Başvuru sahibi Kıbrıs Cumhuriyeti vatandaşlığı için soy bağına dayalı olarak K.C İçişleri Bakanlığı’na başvuruda bulundu. Ancak, Bakanlık başvuruyu Bakanlar Kurulu’nun belirlediği kriterlere uymadığı gerekçesi ile incelemedi. Bu kriterlere göre, ebeveynlerden birinin Kıbrıs’a giriş veya kalışının yasa dışı olduğu durumlarda vatandaşlık verilmez.
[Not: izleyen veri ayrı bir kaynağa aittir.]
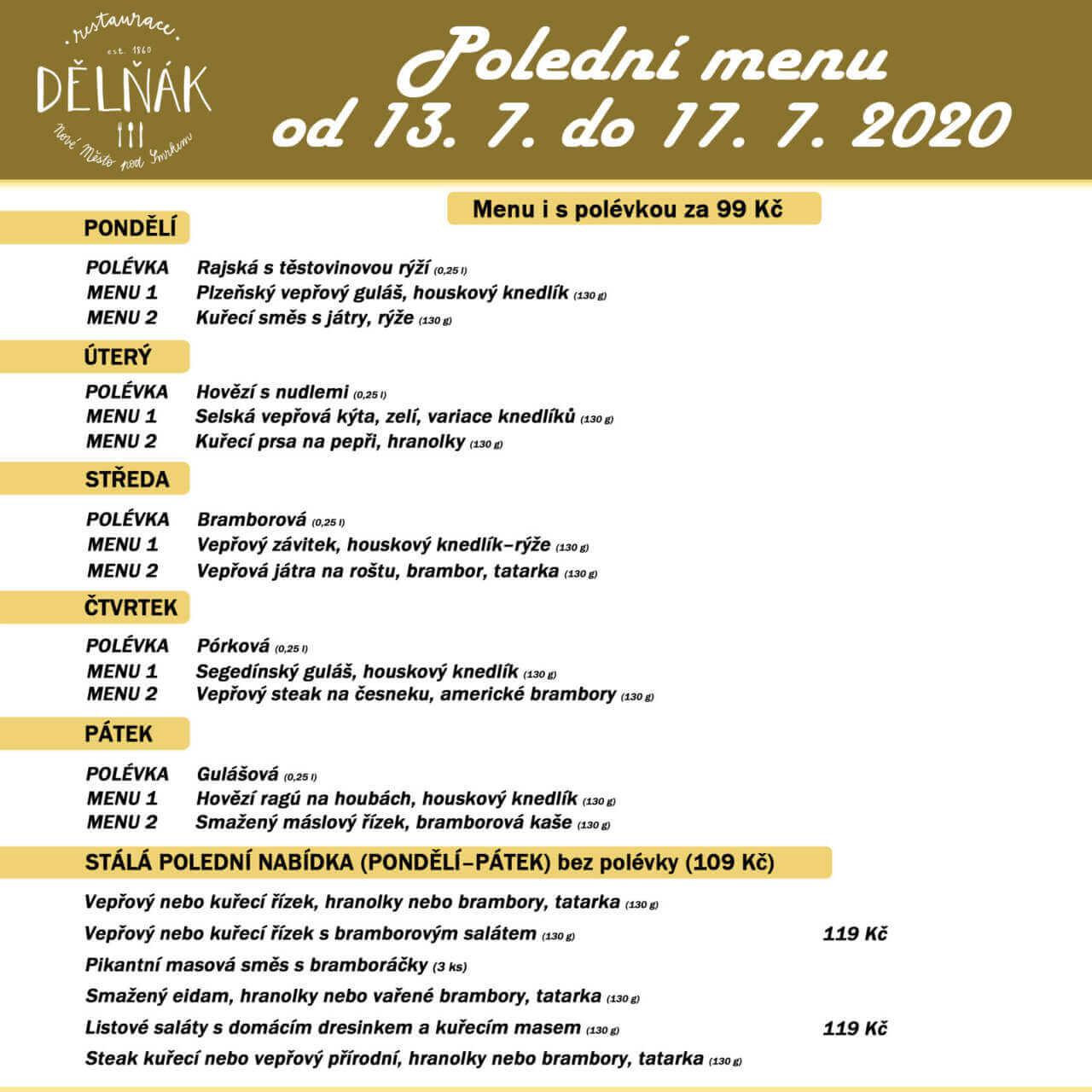 Tento týden pro Vás vaříme toto menu. Platí od pondělí 13. 7. do pátku 17. 7. 2020 každý den od od 11.00 h do 14.00 h, nebo do vyprodání Jídlo

Başvuru, kriterlerin ileride genişletilmesi durumunda olumlu değerlendirilmek üzere bekleme listesine alındı.
İdare Mahkemesi ve temyiz süreci
Başvuru sahibi, bu karara karşı İdare Mahkemesi’ne başvurdu. Başvuruda ebeveynlerin Kıbrıs’a giriş veya orada kalışının yasallığına ilişkin Bakanlar Kurulu kriterinin dolaylı olarak, orantısız biçimde, Kıbrıslı Türkleri etkilemekte olduğunu ve AB hukukuna aykırı olarak Avrupa vatandaşlığı niteliğinden mahrum bıraktığını iddia etti.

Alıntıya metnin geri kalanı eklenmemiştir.